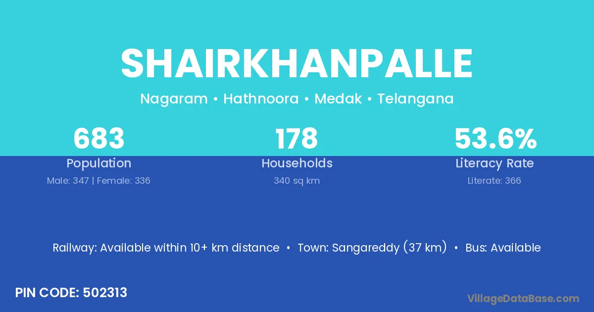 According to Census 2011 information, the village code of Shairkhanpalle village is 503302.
-------
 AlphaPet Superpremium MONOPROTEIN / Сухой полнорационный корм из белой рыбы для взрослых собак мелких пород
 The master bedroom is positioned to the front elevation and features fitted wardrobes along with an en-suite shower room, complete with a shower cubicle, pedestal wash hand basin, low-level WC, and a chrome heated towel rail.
-------
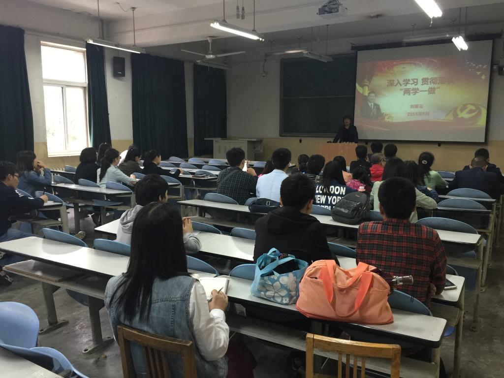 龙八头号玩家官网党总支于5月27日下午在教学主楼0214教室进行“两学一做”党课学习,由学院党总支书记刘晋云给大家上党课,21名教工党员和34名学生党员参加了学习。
-------
**TASK ITEM:** Write down, word for word, the lines above from the one containing "AlphaPet Superpremium MONOPROTEIN" through the one containing "The master bedroom", both ends included.

**YOUR SOLUTION:**
 AlphaPet Superpremium MONOPROTEIN / Сухой полнорационный корм из белой рыбы для взрослых собак мелких пород
 The master bedroom is positioned to the front elevation and features fitted wardrobes along with an en-suite shower room, complete with a shower cubicle, pedestal wash hand basin, low-level WC, and a chrome heated towel rail.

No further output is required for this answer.